Our brave members put their lives on the line every day while confronting extraordinary levels of stress and challenges to their mental health as a result of the pandemic. Across the supply chain, transport workers are keeping key services afloat but have become even more vulnerable to exploitation in all sectors. Workers continue to be left without jobs or access to the social protections they are entitled to. This disproportionately affects those in informal, precarious and non-standard forms of employment, particularly women and young workers.

At the onset of the crisis, the ITF laid out the actions needed to be taken by employers and governments – in each transport sector and the entire supply chain – to protect workers, the public and the economy.

Alongside our social partners, we developed solutions to resolve the crew change crisis. But 400,000 seafarers still remain trapped at sea, separated from their families, exceeding the limits of safe shipping. We are campaigning tirelessly to say ‘Enough is Enough’. At the same time, we are organising and campaigning for our railway workers and our public transport workers, who continue to put their health and lives at risk working to protect others, and our truck drivers, who have been forced to work longer and harder. Aviation is an industry in crisis but we have a roadmap to protect employment, standards and build a sustainable industry for the future.

Whilst some governments and employers have shown leadership, others have done nothing. In some cases, we are even witnessing the simultaneous misuse of public relief schemes and attacks on terms and conditions of employment. Meanwhile, the hasty introduction of digital technologies and platform services without consultation is having a significant impact on jobs and working conditions, disproportionately impacting young and women workers.
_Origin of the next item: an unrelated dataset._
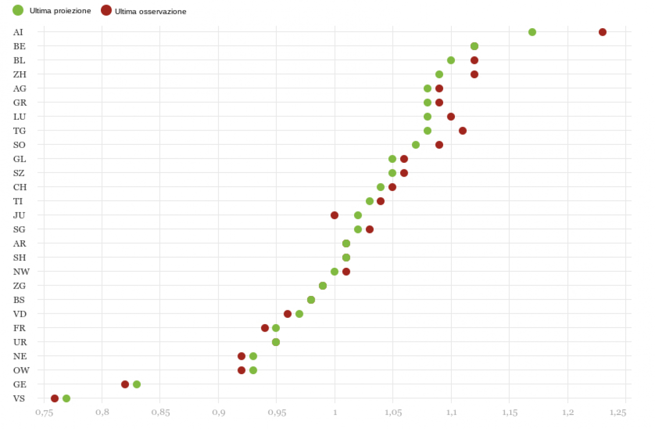A presentare il valore più alto, a sorpresa, è Appenzello Interno con una media dello R0 di 1,23. Si tratta di un valore decisamente particolare e da prendere con le pinze, conferma l'Institute, viste le ridotte dimensioni del cantone in questione. Il Ticino, invece, presenta un R0 mediano, attorno all'1,04.

Just this week, 13 railway workers from our affiliates in Thailand were sentenced to three years imprisonment and hefty fines, simply for trying to improve national rail safety measures. Today, we are calling for an end to inaction and governments using Covid-19 as a guise to attack workers’ rights.

The global economic model has failed working women and men. We call for more sustainable environmental, social and governance policies. Our solutions are realistic and fair, and they must be adopted if we want to protect our communities and economies.

As we continue to lobby for industry-wide solutions, we are also moving into the next phase of our crisis response to protect our members.

We have a plan to protect jobs, income security and workers’ rights and put a vision of sustainable transport at the heart of the recovery.

We have a plan on how to implement universal health and safety standards in all transport sectors, with active workers’ participation in the decision-making in their workplaces.

We also have a plan to strengthen our membership, including women transport workers, young transport workers, informal transport workers, and with allies in our communities. Our message to transport workers under threat is simple:  join a union and build your power.

The ITF is part of a global movement that is still growing. Together with our sister global union federations and the International Trade Union Confederation, representing over 200 million workers, we are more committed to international solidarity than ever before. Unions give workers power, and we are their international arm.

Today, we are calling time on the unnecessary risks facing transport workers. Regionally and internationally, we call on the UN to do more to protect transport and the working men and women that keep the world moving.

Nationally, we urge governments and employers to sit down with us: listen to our calls and those of our unions and act, show leadership to safeguard decent jobs, and retain and retrain workers to respond to the challenges of Covid-19.

We – the ITF – have the plans to allow us to emerge from this crisis a stronger, fairer global society.